Suppose I want to know how many factors of $2$ are in $n!$, for some $n$. How would I go about computing that? For each even number less than or equal to $n$, I get at least one factor of $2$ in $n!$. So The number of factors is at least $\lfloor\frac n2\rfloor$. But there’s more. For the numbers divisible by $4$, I only counted one copy of $2$. I need to count another for each multiple of $4$. There are $\lfloor \frac n4\rfloor$ multiples of $4$ less than or equal to $n$. But then multiples of $8$, $16$, etc.

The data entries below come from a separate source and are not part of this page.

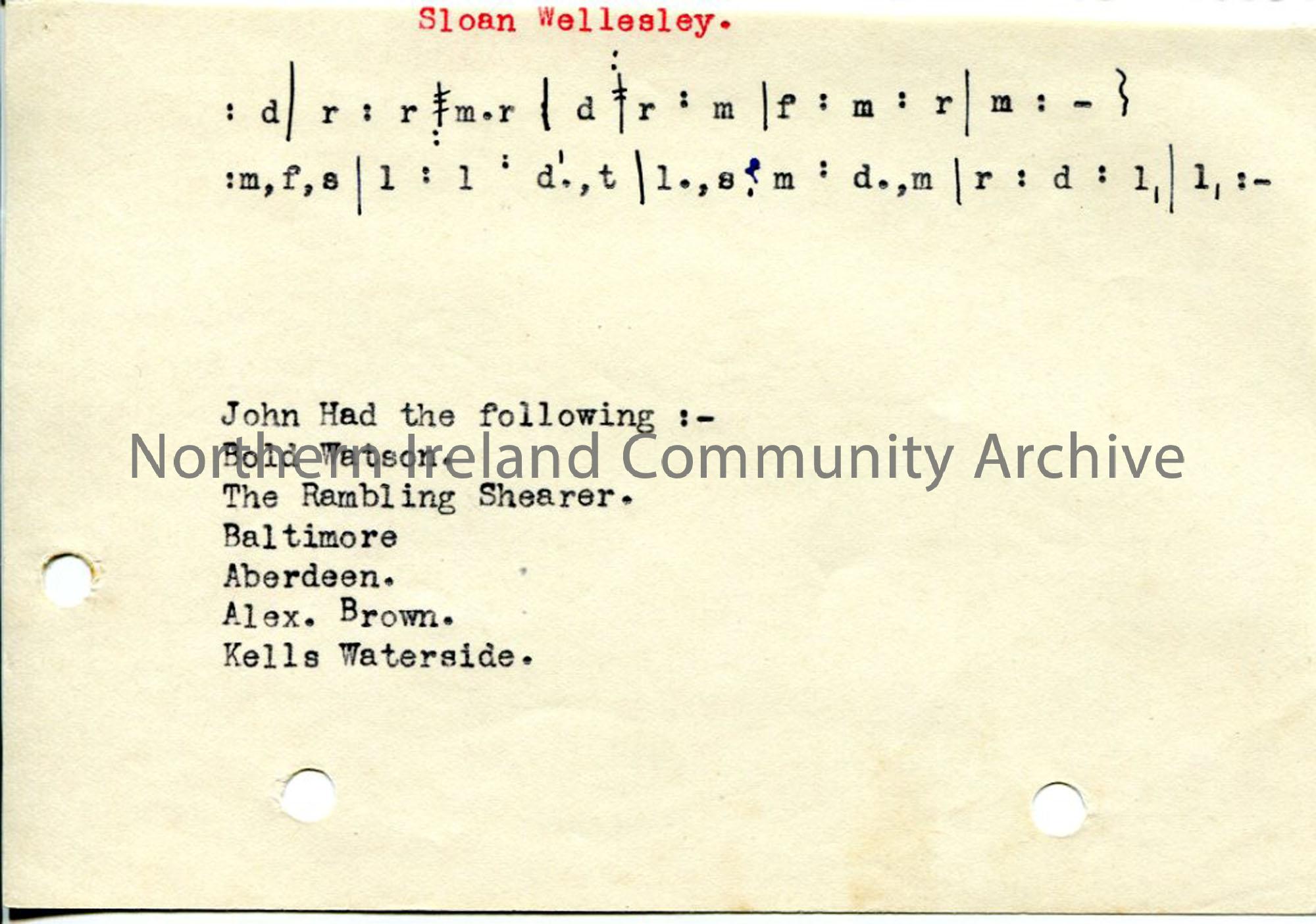 Typed tonic sol-fa notation to 'Sloan Wellesley', with short notes of other song titles.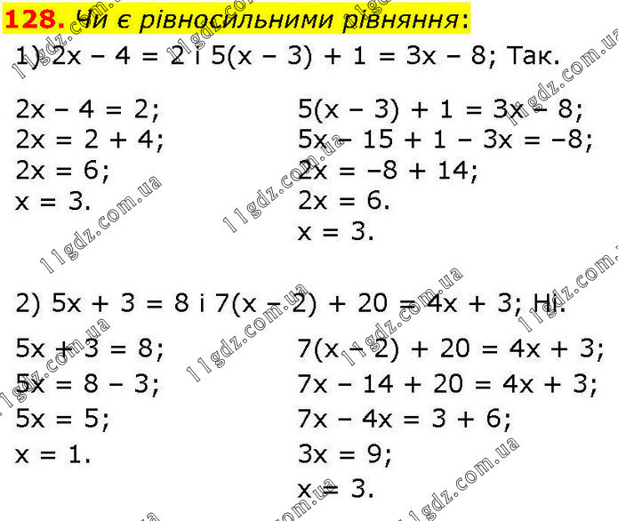 1. ЛІНІЙНІ РІВНЯННЯ З ОДНІЄЮ ЗМІННОЮ » 128 (1-2)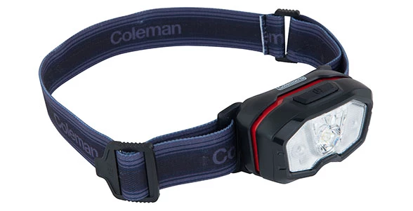 The Coleman CXO+ 200 LED head torch is lightweight and compact, with a maximum output of 200 lumens. Four white brightness levels are available as well as a red light mode. The central white LED uses a smooth reflector to provide a focused beam with low and high settings, while the two white side LEDs provide a diffused flood beam in the mid setting. The extra bright setting combines the two white side LEDs and the central LED for maximum coverage.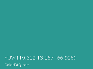 YUV 119.312,13.157,-66.926 Color is a normal cyan color and the nearest color is Lochinvar #2c8c84. Hex code #2b9992 and RGB value is rgb(43,153,146). In RGB color space, this color is composed of 17% red, 60% green, 57% blue, In CMYK color space, this color is composed of 72% cyan, 0% magenta, 5% yellow , 40% black , In HSL color space, this color has a hue angle of 176° , 56% saturation and 38% lightness.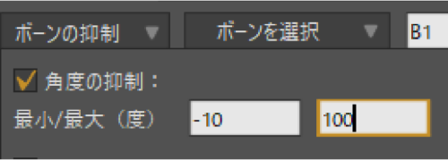 ボーンを回転させる最大角度と最小角度の範囲を入力します。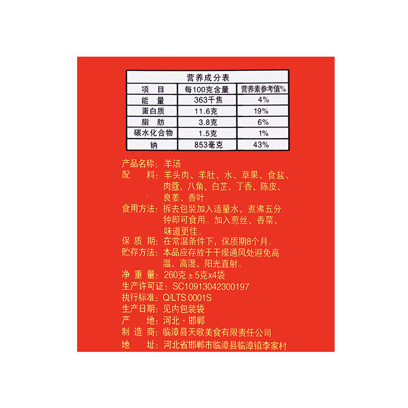 📚 河北特产临漳羊汤大锅羊汤羊杂汤天歌古邺羊杂汤260g*4袋礼盒装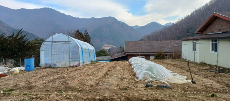 주택 좌측 옆 텃밭과 비닐하우스 모습입니다.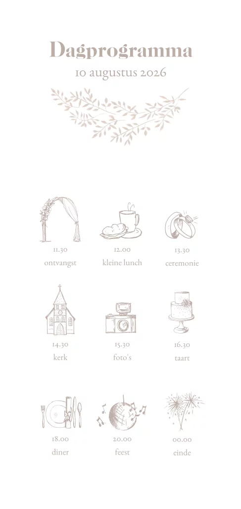 programmakaart met tijdlijn, icoontjes en met getekende takjes krans beige

Let $D_p(n)$ denote the number of factors of some prime $p$ in $n!$. The above argument generalizes to show that

$D_p(n)=\lfloor\frac np\rfloor+\lfloor\frac n{p^2}\rfloor+\lfloor\frac n{p^3}\rfloor+\cdots$

Taking the floor of each term in the sum only makes things smaller, so we have the inequality:

$D_p(n)\le \frac np+\frac n{p^2}+\frac n{p^3}+\cdots=n\cdot\left(\frac 1{p-1}\right)$

Now suppose there were only finitely many primes. We can factor

$n!=\prod_{i=1}^rp_i^{D_{p_i}(n)}$

We’re about to do some work with the exponents, so let’s take the log of everything in sight to make this notationally easier:

$\log n!=\sum_{i=1}^r D_{p_i}(n)\cdot \log p_i$.

Now using our inequality from before,

$\log n! \le n\cdot\sum_{i=1}^r\left(\frac1{p_i-1}\right)\cdot\log p_i$

I don’t particularly care what that sum is, but I do care that it’s some fixed number, independent of $n$. If there were infinitely many primes, it would be an infinite sum that doesn’t converge, making the inequality say that $\log n!\le \infty$, which is useless. But under the assumption that there are only finitely many primes, we know that there is some fixed constant $c$ (that sum) for which $\log n!$ is never larger than $c\cdot n$. What this means is that $n!\le c^n$ always. This is just not true. If $n>c$, then increasing $n$ makes $n!$ grow faster than $c^n$. More than that, how much faster is unbounded.

I don’t really want to go into the details here, but it should be believable that factorials grow faster than any exponential. That is, if you give me a constant $c$, I can give you a number $N$ such that $N!>c^N$. To see exactly how fast they grow, have a look at Stirling’s approximation. Anyway, if there were finitely many primes, factorials wouldn’t be able to grow as fast as they should, so we have a contradiction. That is, there are infinitely many primes.